_Recorded data_
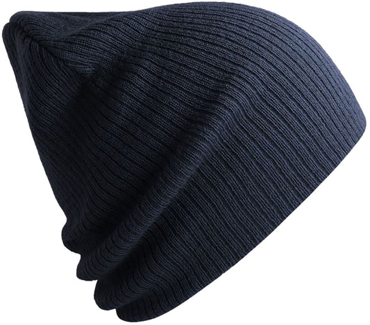 ALS 0122 ― Längere Beanie Strickmütze, recyceltes Polyester - Navy Blau
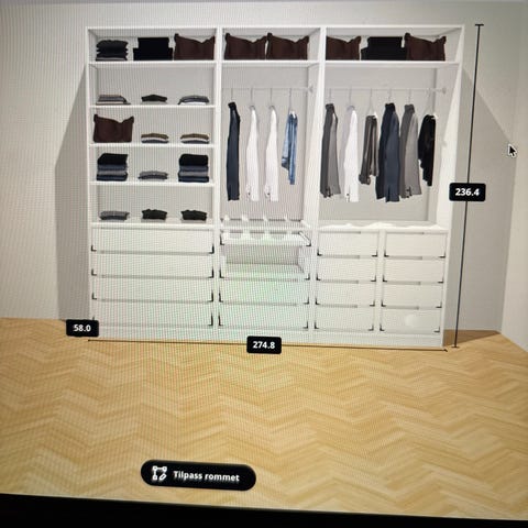 Alt fungerer fint, men ene døren i skapet til høyre er litt treg da vi muligens ikke har satt den sikkelig på. Man kan også velge å ha en dør, eller uten dør.
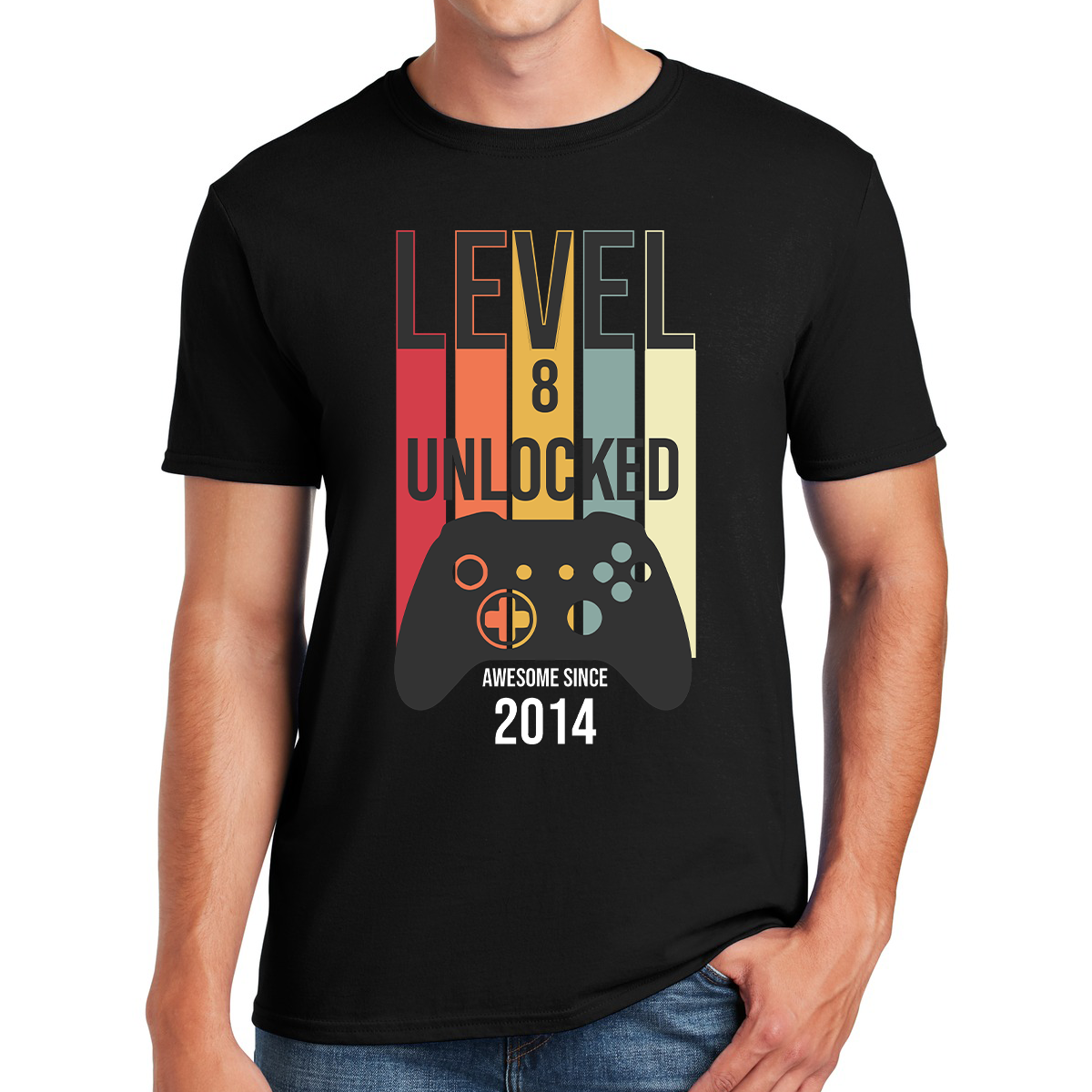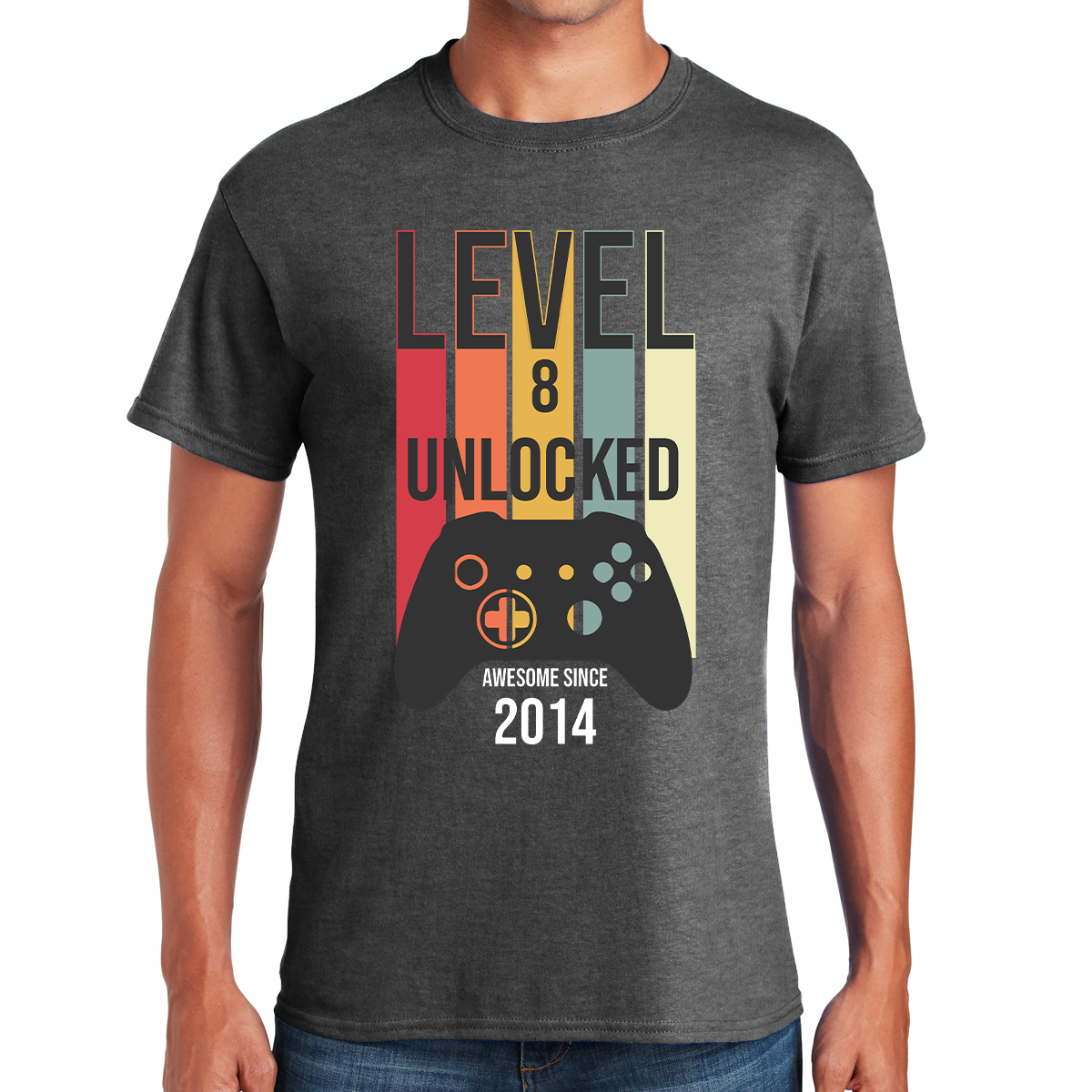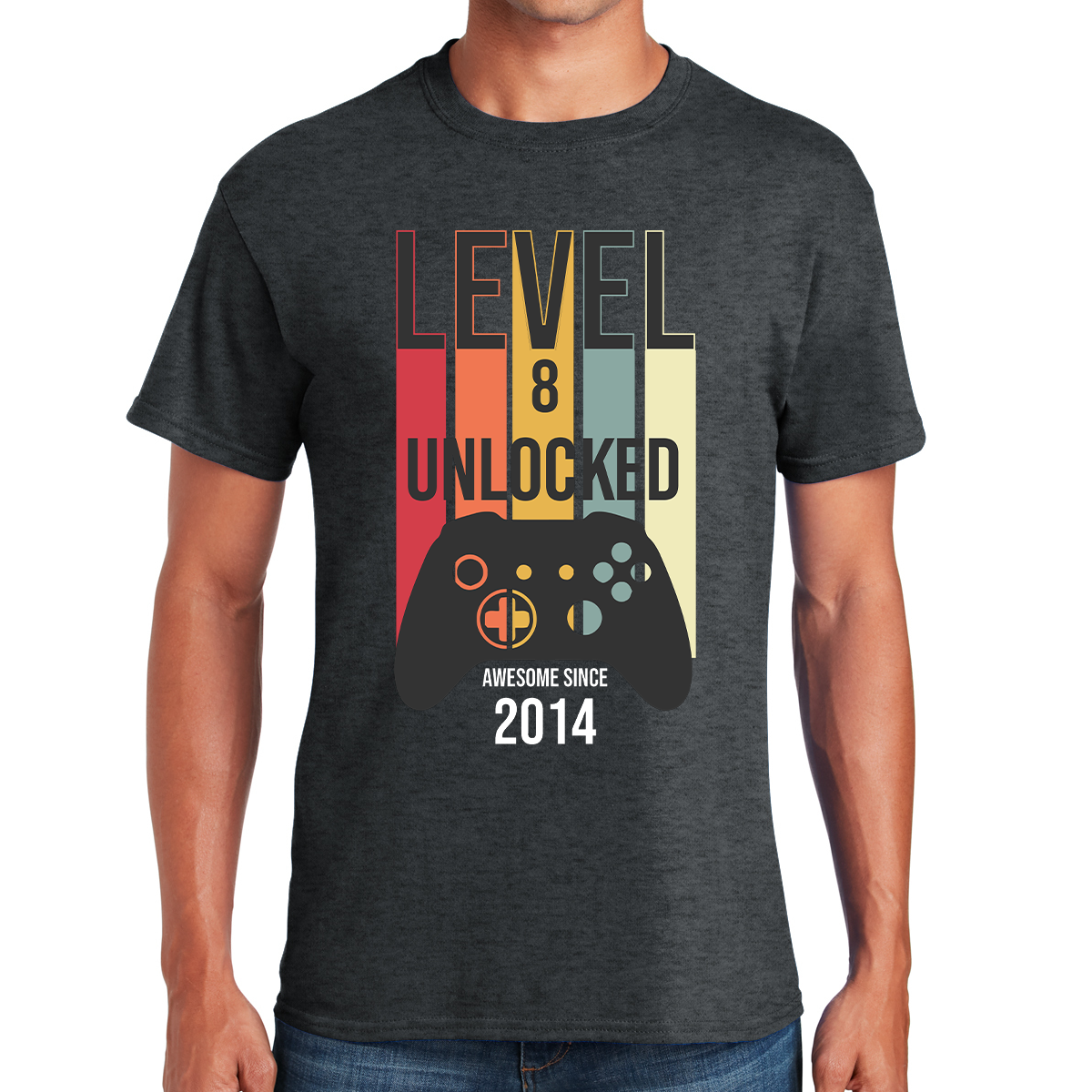 Introducing our latest t-shirt design: "Level 8 Unlocked: Awesome Since 2014 - Gaming Dad Achievement."
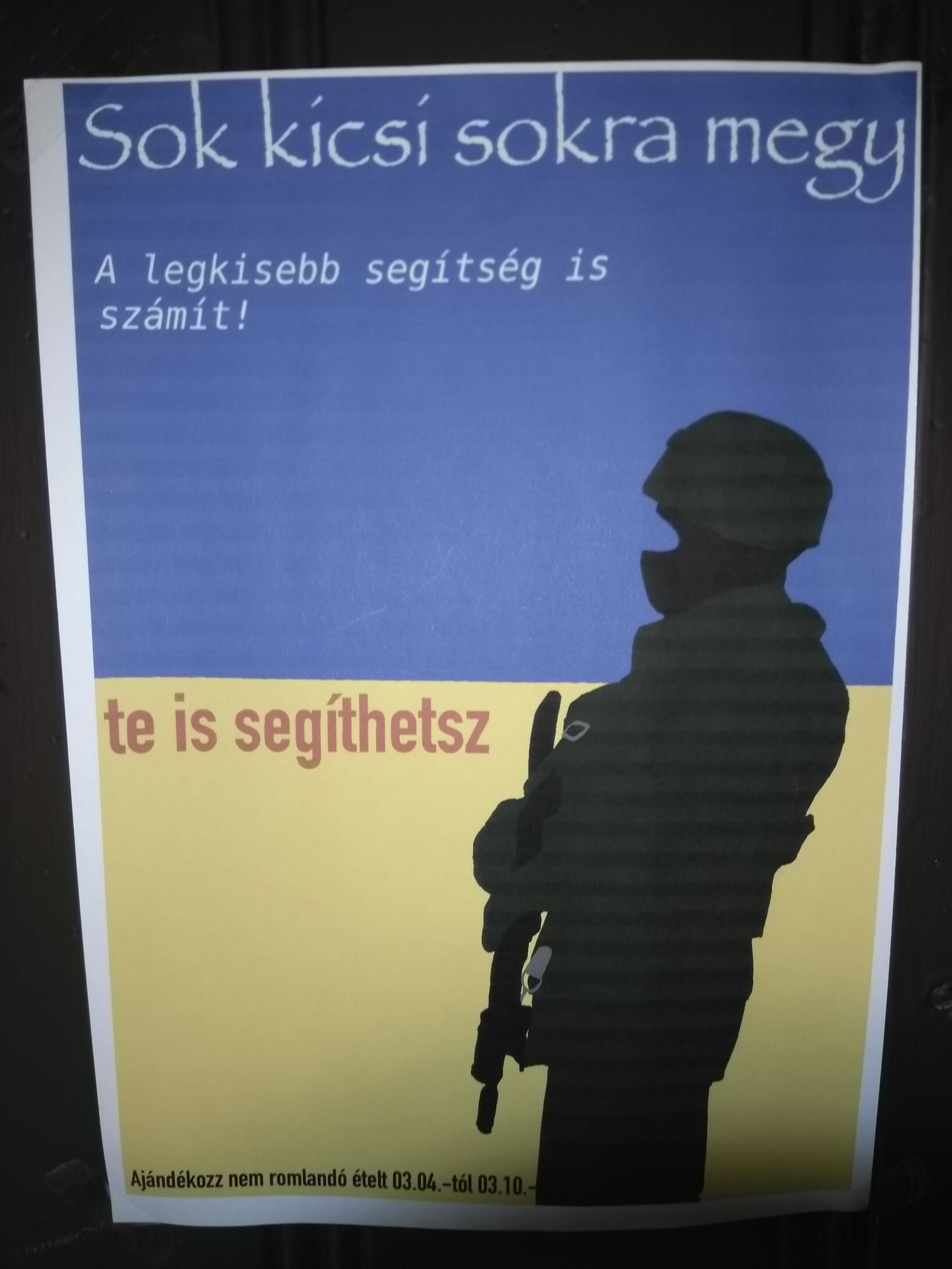 A plakáton az ukrán zászló színei előtt álló katona sziluettje látható, ami az A4-es lap magasságának mintegy négyötödét teszi ki. Mellette a "te is segíthetsz" felirat, majd az oldal alján apró betűkkel, szinte eldugva a tartós élelmiszer adományozására buzdító sor. Igaz ugyan, hogy a plakát tetején megjelenő sorok többé-kevésbé az anyagi támogatásra utalnak, de mégis, ilyen módon a hirdetés megjelenése markánsan militáns, engem és még jó néhány iskolatársamat leginkább egy toborzóplakátra emlékeztet.

_Work item_
Would you retype each line above exactly and skip every image?

_Output below_
 ALS 0122 ― Längere Beanie Strickmütze, recyceltes Polyester - Navy Blau
 Alt fungerer fint, men ene døren i skapet til høyre er litt treg da vi muligens ikke har satt den sikkelig på. Man kan også velge å ha en dør, eller uten dør.
 Introducing our latest t-shirt design: "Level 8 Unlocked: Awesome Since 2014 - Gaming Dad Achievement."
 A plakáton az ukrán zászló színei előtt álló katona sziluettje látható, ami az A4-es lap magasságának mintegy négyötödét teszi ki. Mellette a "te is segíthetsz" felirat, majd az oldal alján apró betűkkel, szinte eldugva a tartós élelmiszer adományozására buzdító sor. Igaz ugyan, hogy a plakát tetején megjelenő sorok többé-kevésbé az anyagi támogatásra utalnak, de mégis, ilyen módon a hirdetés megjelenése markánsan militáns, engem és még jó néhány iskolatársamat leginkább egy toborzóplakátra emlékeztet.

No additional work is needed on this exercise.